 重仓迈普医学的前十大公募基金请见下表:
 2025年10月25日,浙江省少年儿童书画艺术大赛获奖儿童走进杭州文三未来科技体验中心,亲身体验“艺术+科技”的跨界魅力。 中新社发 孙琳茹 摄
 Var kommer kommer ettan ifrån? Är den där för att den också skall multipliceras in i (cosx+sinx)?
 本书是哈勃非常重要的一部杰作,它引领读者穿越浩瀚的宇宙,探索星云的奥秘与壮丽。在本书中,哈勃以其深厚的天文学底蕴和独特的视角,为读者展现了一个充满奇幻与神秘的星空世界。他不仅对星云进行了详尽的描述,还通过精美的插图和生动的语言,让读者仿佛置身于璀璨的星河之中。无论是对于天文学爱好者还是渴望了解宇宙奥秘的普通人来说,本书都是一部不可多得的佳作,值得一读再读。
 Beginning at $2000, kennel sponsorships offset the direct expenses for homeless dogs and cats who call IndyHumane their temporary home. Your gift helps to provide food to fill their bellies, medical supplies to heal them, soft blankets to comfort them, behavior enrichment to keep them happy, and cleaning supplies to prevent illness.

● ● ● ● ●

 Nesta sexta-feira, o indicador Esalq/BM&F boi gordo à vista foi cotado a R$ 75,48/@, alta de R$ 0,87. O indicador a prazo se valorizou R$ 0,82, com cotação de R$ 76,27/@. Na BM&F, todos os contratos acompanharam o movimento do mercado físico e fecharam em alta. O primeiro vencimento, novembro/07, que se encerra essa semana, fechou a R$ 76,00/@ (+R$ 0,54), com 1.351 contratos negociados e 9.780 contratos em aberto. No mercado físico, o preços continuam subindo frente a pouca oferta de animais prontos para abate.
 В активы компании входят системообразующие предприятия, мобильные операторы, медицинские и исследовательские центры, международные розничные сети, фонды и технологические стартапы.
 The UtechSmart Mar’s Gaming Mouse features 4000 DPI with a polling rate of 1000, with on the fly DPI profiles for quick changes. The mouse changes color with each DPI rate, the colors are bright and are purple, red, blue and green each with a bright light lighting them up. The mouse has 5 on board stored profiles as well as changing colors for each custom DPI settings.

● ● ● ● ●

From the records above, copy each line that contains the word "them".

 Beginning at $2000, kennel sponsorships offset the direct expenses for homeless dogs and cats who call IndyHumane their temporary home. Your gift helps to provide food to fill their bellies, medical supplies to heal them, soft blankets to comfort them, behavior enrichment to keep them happy, and cleaning supplies to prevent illness.
 The UtechSmart Mar’s Gaming Mouse features 4000 DPI with a polling rate of 1000, with on the fly DPI profiles for quick changes. The mouse changes color with each DPI rate, the colors are bright and are purple, red, blue and green each with a bright light lighting them up. The mouse has 5 on board stored profiles as well as changing colors for each custom DPI settings.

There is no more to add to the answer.